A despeito de já ter desenvolvido trabalhos de direção dentro da companhia de Billy Bond, foi apenas em 2019 que decidiu assumir (e assinar) a direção geral de um espetáculo. Em O Mágico Di Ó, espetáculo de um dos autores mais incensados da última década, Vitor Rocha, Parente divide com Daniela Stirbulov os louros do espetáculo que funde a história de um grupo de retirantes nordestinos ao clássico romance O Mágico de Oz, de L. Frank Baum.

O Mágico Di Ó | Foto: Divulgação

“Quando a Luiza Porto e o Vitor Rocha vieram falar comigo, eles achavam que tinha que ser eu porque eu havia dirigido a Luiza numa montagem do Billy Bond para O Mágico de Oz, e ela queria ter um reencontro com essa Dorothy. Ela quis produzir e já sabia quem dirigiria, quem estaria na ficha técnica no palco, tudo”, conta o ator, que assumiu vê no espetáculo um dos projetos mais emocionantes de sua carreira.

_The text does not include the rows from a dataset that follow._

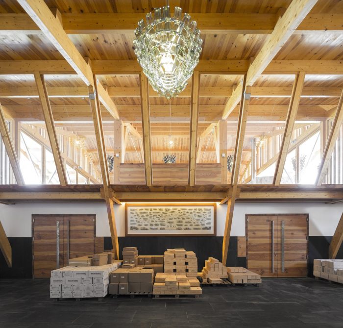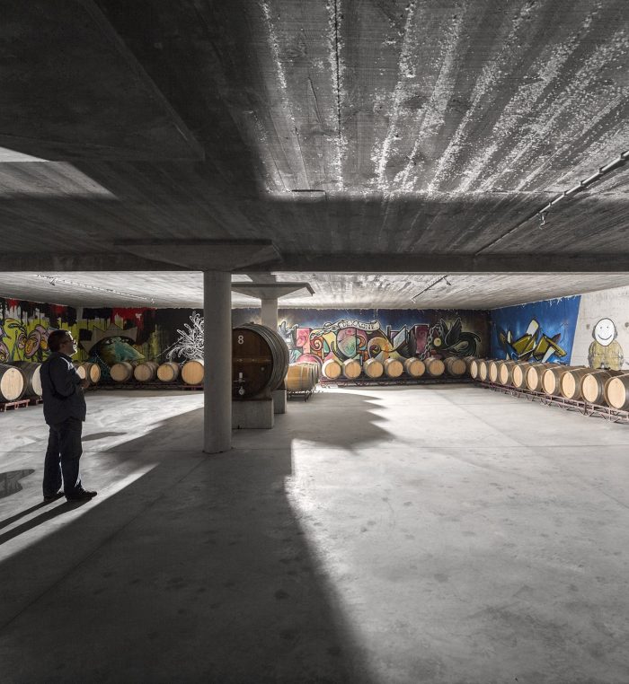 Below this hall, two rooms in the basement will accommodate the treatment and resting of the wine. At the lower level and attached directly to the existing winery, a space for temporary storage and distribution will be created.
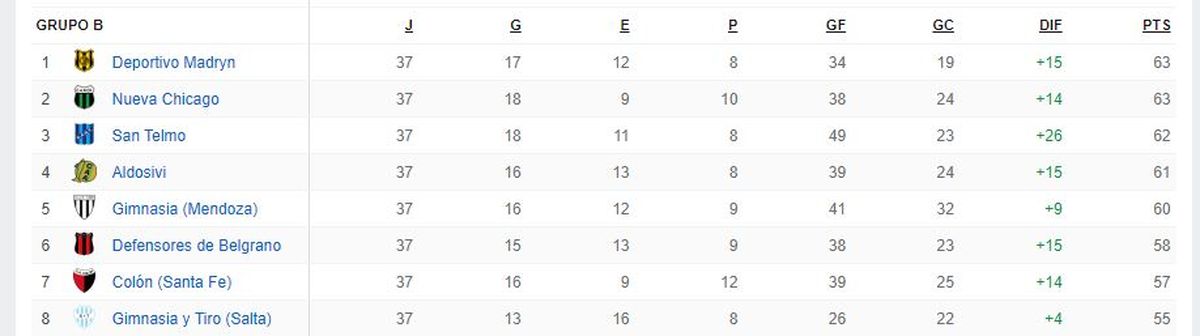 Gimnasia y Esgrima se ubica actualmente quinto en la Zona B con 60 puntos, tres menos que los líderes Deportivo Madryn (+15 de diferencia de gol) y Nueva Chicago (+14).
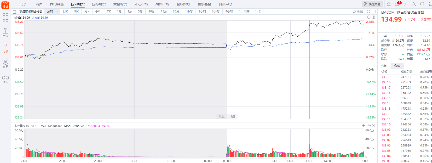 东方财富期货商品指数11月11日日内走势图
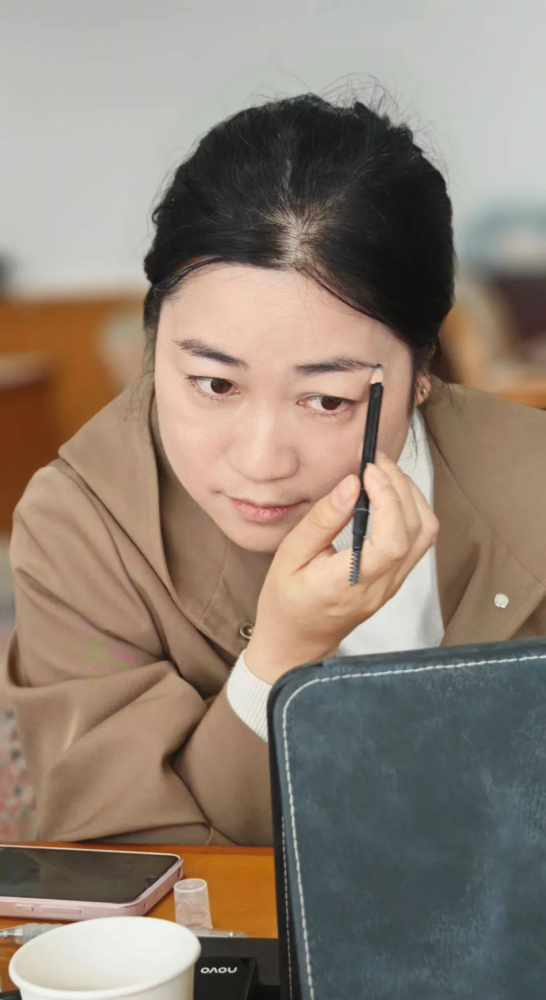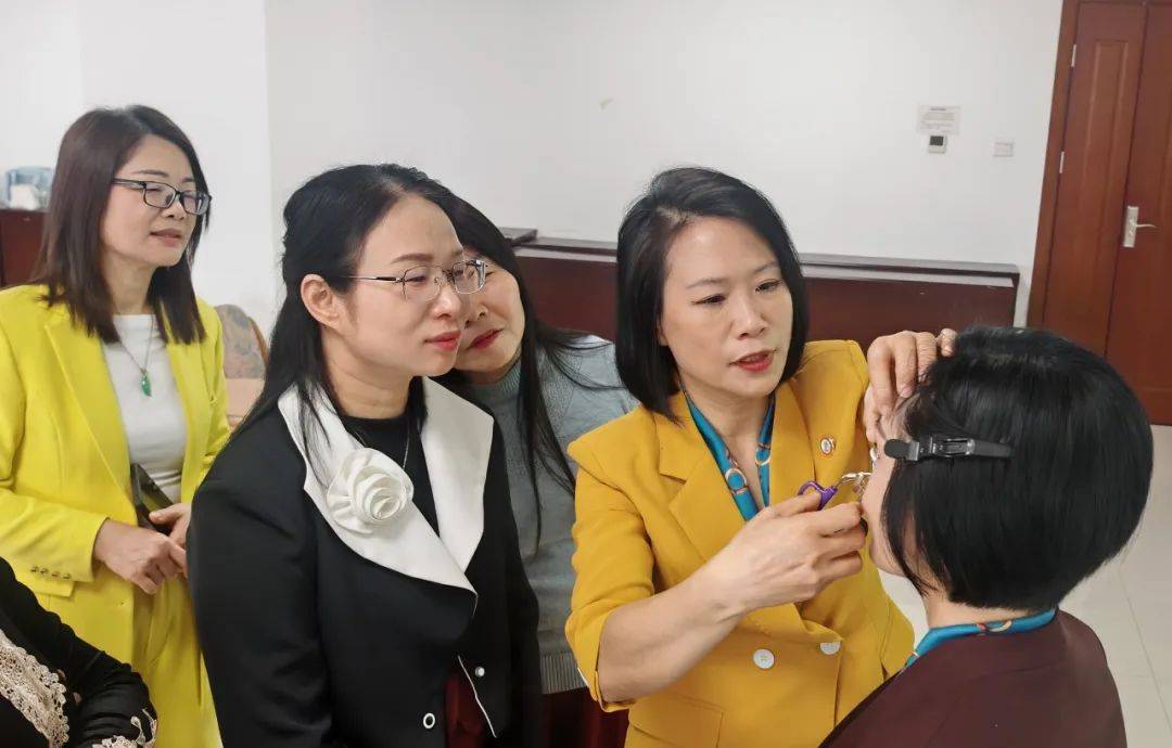 在彩妝技巧和方法環(huán)節(jié),葉老師重點(diǎn)分享了眼妝的畫法。她指出,眼影的暈染應(yīng)遵循“先淺后深”的原則,先用淺色眼影打底,再用深色眼影在眼尾處暈染,以增強(qiáng)眼部立體感。對于新手而言,使用工具輔助畫眼線可以避免手抖問題,這一技巧讓參訓(xùn)職工受益匪淺。
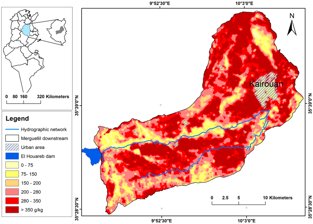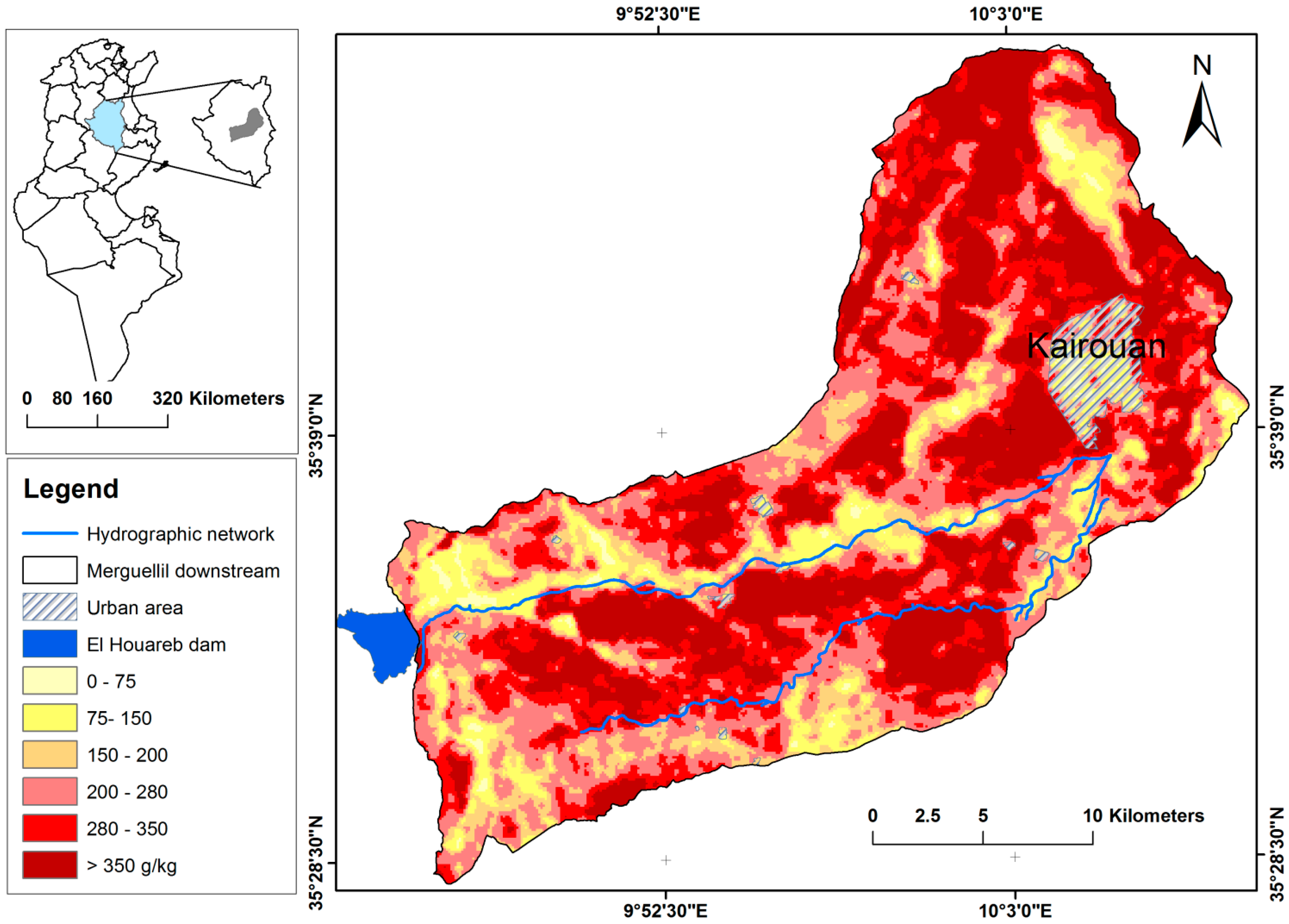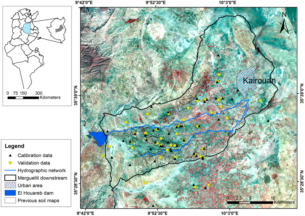 The Kairouan plain [31] is located in central Tunisia (9°30′E–10°15′E, 35′N, 35°45′N) (Figure 1). The climate in this region is semi-arid, with an average annual rainfall of approximately 300 mm/year, characterized by a rainy season lasting from October to May, with the two rainiest months being October and March. As is generally the case in semi-arid areas, the rainfall patterns in this area are highly variable in time and space. The landscape is mainly flat, and the vegetation is dominated by agricultural production (cereals, olive groves, fruit trees and winter and summer market gardening). Soil units reflect high spatial and vertical variability of alluvial deposits, except along wadi. The last flood of 1969 changed some soil horizons with sandy deposits of up to 100 cm and existing soil maps may become outdated. The dominant major soil group is classified as Fluvisols and saline soils [32]. Soil texture presents a large spatial variability from the south to the north of our region [33]. The clay content is ranging from 15.3 g/kg to 684.58 g/kg. Mainly four soil units exist in the study area. The first unit includes Vertic saline soils. The second unit is Fluvisols characterized by a loamy soil texture located near the wadi bed of Merguellil. Another soil unit includes Fluvisols with coarse soil texture on the downstream part of the Merguellil River. The last soil unit, located in the north of Kairouan, includes clayey soil. Vertic soil is an indicator of the presence of montmorillonite clay. The organic matter rate is very low, near 0.5% from the surface to 10 cm, which corresponds to an isohumic diagnostic property of all soil units.
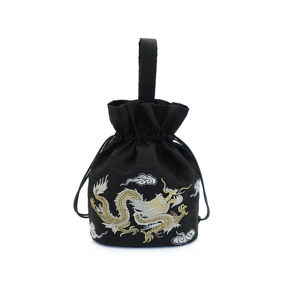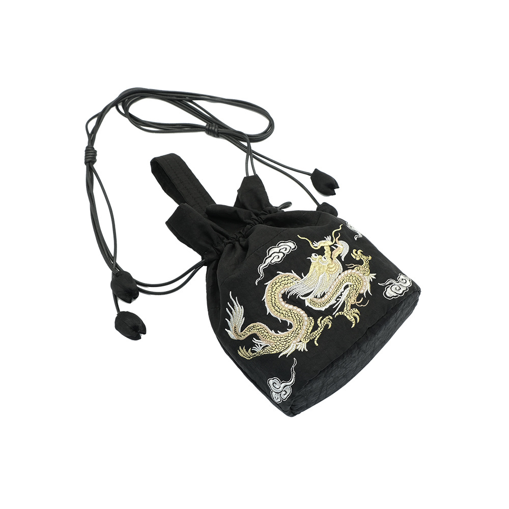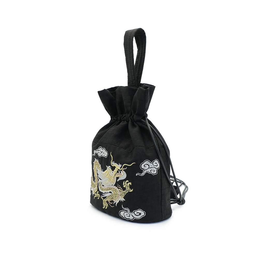 豪華な龍の刺繍が施された、東洋の美を感じる巾着ポーチです。
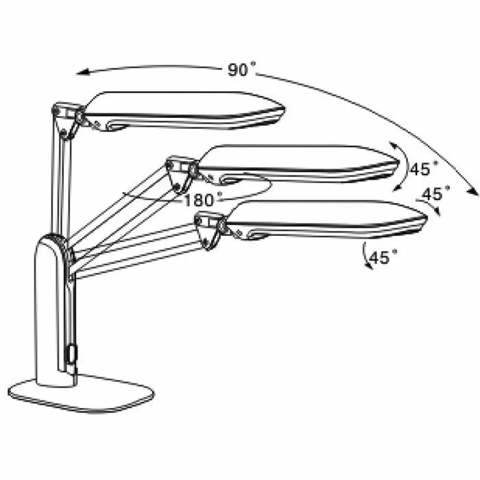 sonstiges: mit großer Ausladung, Leuchtenarm stufenlos verstellbar, Leuchtenkopf horizontal und vertikal verstellbar, Schalter am Leuchtenarm, stabiler Standfuß
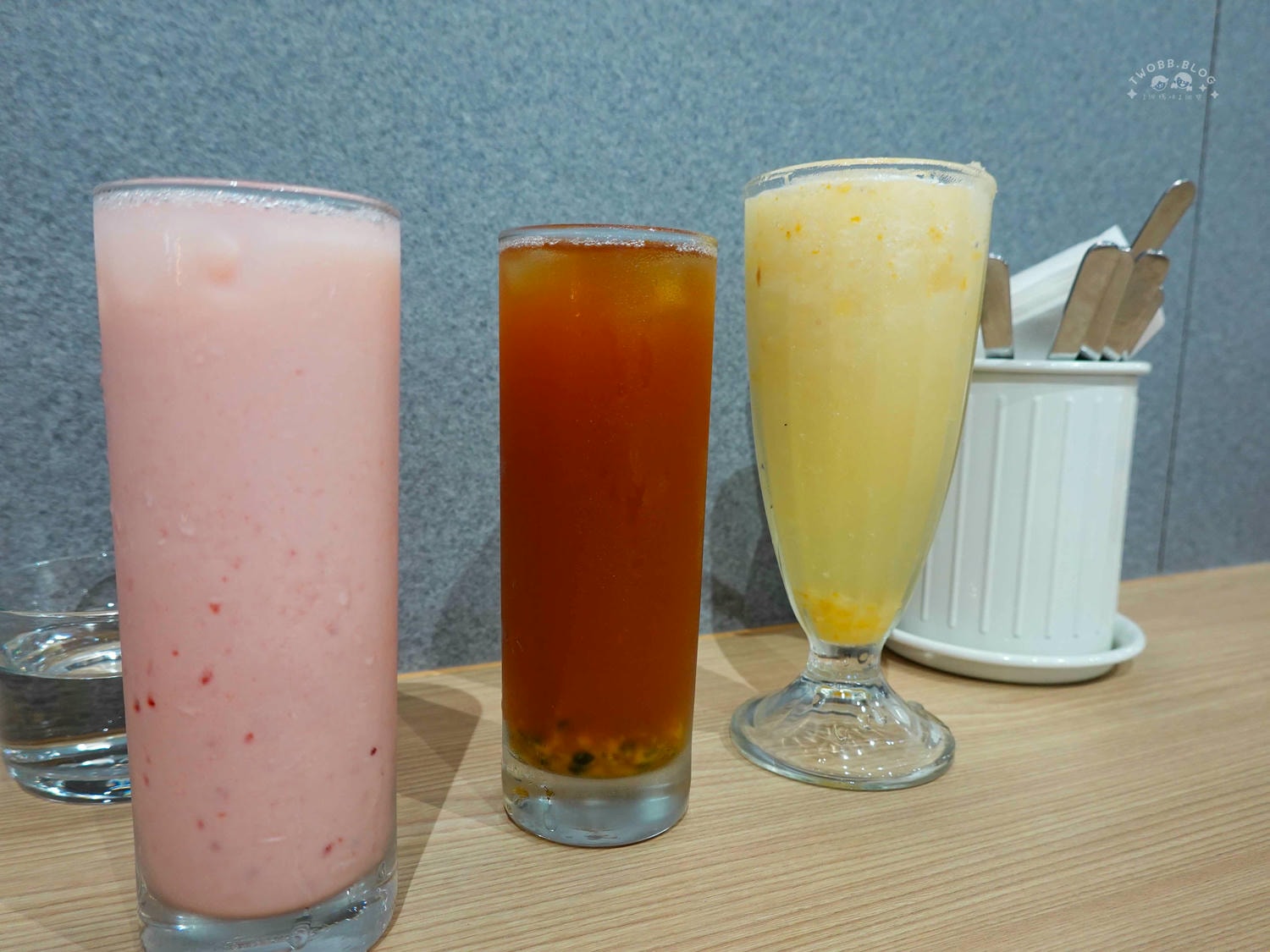 草莓可爾必思$160/韓式柚香冰沙$180/綜合水果茶(冰)$180

“Eu chorava todos os dias, e olhava para a Daniela e ela também estava aos prantos. É um espetáculo que mexe muito com a gente. Nós fizemos o nosso, produzimos o nosso, a gente investiu cada um o seu tempo, sua criatividade. Passamos dois meses no processo criativo mesmo, de pegar passagem por passagem e decidir o que aconteceria com o texto, uma coisa muito nova pra mim, e entramos sem grana, montamos e as pessoas saiam de lá incrivelmente tocadas”.

Foi o que aconteceu com Pedro Vasconcelos, renomado diretor carioca que assinou filmes como O Concurso (2013) e Dona Flor e seus Dois Maridos (2017), com Carol Castro e Marcelo Farias. Na TV, assinou obras como Amazônia – De Galvez a Chico Mendes (2007), A Favorita (2008), Além do Tempo (2015) e A Força do Querer (2017), entre outros, na Rede Globo.

“Sinto que o que o Pedro Vasconcelos viu ali foi esse pedacinho de cada um de nós. Viu a direção minha e da Daniela, o trabalho da Luiza, essas personagens completamente desconstruídas no nordeste brasileiro, falando do nosso Brasil e da nossa arte, o visagismo, o figurino. Quando as pessoas virem no cinema, eles verão esse trabalho, porque o Pedro tá ali produzindo a nossa visão, as minhas marcações, as músicas do Marco França, é um filme de todos nós”, declara Parente que acredita estar faltando esse reconhecimento.

“As pessoas não estão sabendo, mas há um monte de pessoas envolvidas nesse projeto desde o embrião, um monte de trabalhos, desde o criativo até a mãe da Luiza Porto dobrando os programas do espetáculo. Essas pessoas precisam ser lembradas”, diz o ator que vê no projeto um sinal de novas possibilidades artísticas para o futuro após as mudanças drásticas sofridas pela Lei Rouanet no governo de Jair Messias Bolsonaro (PSL).

“Acho que não haverá mais o tanto dinheiro investido como antes, mas é possível fazer. O Mágico Di Ó fizemos com pouco mais de cinco mil reais, e deu esse resultado todo. Eu acredito que somos um povo muito criativo e somos capazes de fazer bons espetáculos com pouco dinheiro”, diz Parente que, contudo, enxerga um grande problema a ser combatido.

“Nós criamos um monstro, que é o público que quer ver coisas muito grandes, quer ver o show, a pirotecnia, as luzes, cenários. Eu acredito que temos que investir em mais roteiros. Conhecemos muitos espetáculos brasileiros que querem basicamente o show, as luzes, o cenário e às vezes a história não é o mais importante. Eu acredito que tenhamos que ter som, luz etc., mas precisamos, acima de tudo, de bons atores em cena e uma boa história”.

Ivan Parente | Foto: Divulgação

E continua: “Eu acredito que se realmente for o caso de o governo tirar completamente as verbas, os incentivos fiscais, eu creio que o artista brasileiro será capaz de tirar boas histórias de pouco dinheiro. Mas eu ficaria triste de saber que isso não é prioridade, que a cultura não é prioridade, isso me chateia. Me chateia essa história de mamar na teta do governo. Olha o tanto de espetáculos que apresentamos, o tanto de público que foi ao teatro, o tanto de famílias alimentadas através do teatro musical. E você aguça pessoas a verem outras histórias, ler livros, ir em exposições, sabe?”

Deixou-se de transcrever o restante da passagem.